The Department of Family and Support Services has adopted a racial and LGBTQ+ equity framework and will seek out youth providers experienced in housing and services for LGTBQ+ youth and incorporate its Youth Advisory Board in program design and oversight. This investment from the City of Chicago will result in 200 young people receiving safe housing and comprehensive supportive services, reducing the number of youth aged 18-24 experiencing homelessness by 25 percent.
“Our youth need a firm foundation upon which to build their best life,” said Commissioner Lisa Morrison-Butler, Department of Family and Support Services. “For the first time, with these investments, the City of Chicago has a dedicated fund specifically targeted at youth experiencing homelessness.”
The Lightfoot administration will also invest $5 million in local funds to expand the crucial assistance provided by LIHTF in 2020 for Chicago’s most vulnerable residents: tenants making up to 30 percent of the Area Median Income. This population makes up nearly 70 percent of Chicago’s low-income renters, defined as making up to $25,000 for a family of four. Unfortunately, most of the City’s affordable housing production tools set “affordable” rents at twice that: $50,000 for a family of four.
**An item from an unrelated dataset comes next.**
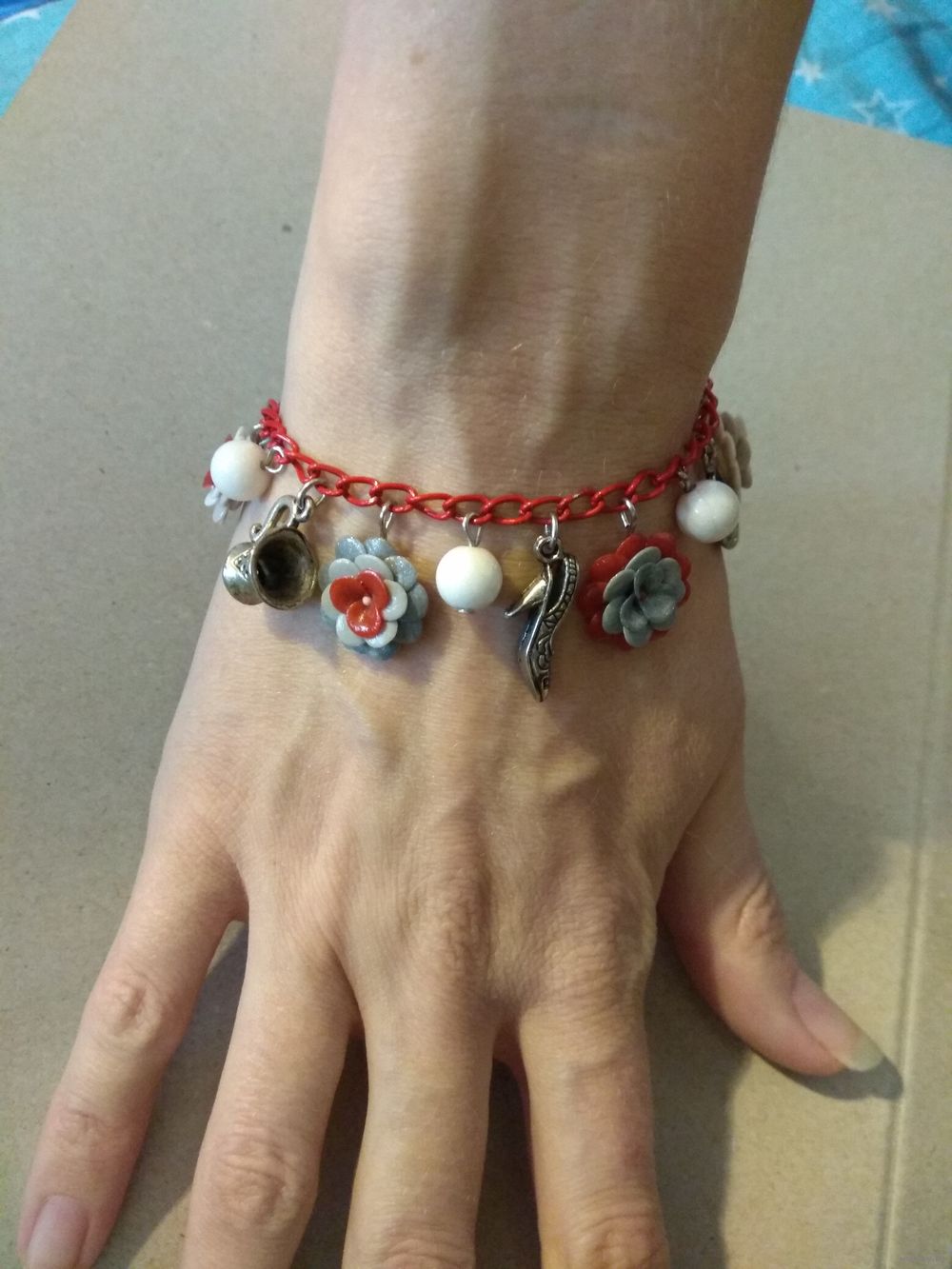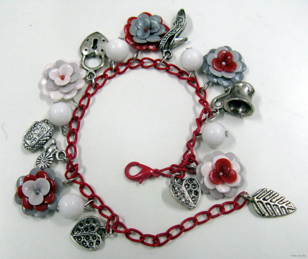 Цветочки браслета из полимерной глины. Камушки - белый опал (кахолонг).

This $5 million investment in Chicago’s lowest-income renters helps correct for that imbalance.
“Everyone, regardless of their finances or circumstances deserves decent, safe affordable housing as a basic right,” said Alderwoman Susan Sadlowski Garza (10). “These investments tell every Chicago resident, especially our youth, that they matter, that we hear them, and that we will work together to provide the resources they need and deserve.”
The Department of Housing will lead the City’s efforts to connect low-income households with more resources by targeting units where affordable housing is lacking and by working to expand capacity where affordability has become an issue due to gentrification.
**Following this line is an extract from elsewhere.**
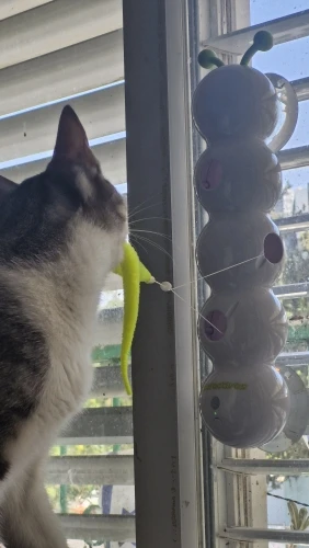 Offrez à votre félin des heures d’amusement avec ce jouet automatique pour chat. Conçu sous forme de colonne à ventouses, il s’accroche facilement aux surfaces lisses (sol, mur, vitre) pour rester bien en place. Grâce à son système motorisé, un fil équipé d’un leurre passe à travers différents trous, éveillant l’instinct de chasse et stimulant l’activité physique de votre compagnon. Fonctionnant avec une batterie rechargeable, ce jouet est à la fois écologique, pratique et idéal pour divertir votre chat même en votre absence.
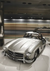 Dit schilderij toont een klassieke zilveren Mercedes SL300 geparkeerd in een moderne gang, met een bewegingsonscherpe achtergrond die snelheid en beweging suggereert, wat het strakke, vintage ontwerp van de auto benadrukt.

"The Chicago Low Income Housing Trust Fund welcomes Mayor Lightfoot’s announcement that her administration will increase funding by an additional $5 million,” said Annissa Lambirth-Garrett. Executive Director, Chicago Low Income Housing Trust Fund. “The increased funding will allow the Trust Fund to continue the mission it's championed for 30 years across Chicago and it signals the Mayor’s commitment to providing critical assistance to our more vulnerable citizens who might otherwise be homeless or living in substandard conditions.”
The City’s 2020 commitments build on a series of recent measures taken by the Lightfoot administration to create affordable housing across the city and reduce homelessness. Those measures include revisions to the 2019 Qualified Allocation Plan (QAP) for up to $60 million in affordable housing resources. Additionally, the administration convened a new Affordable Requirements Ordinance (ARO) Task Force charged with examining and improving the ordinance, one of the City’s key housing tools that have helped thousands of Chicagoans find an affordable place to live.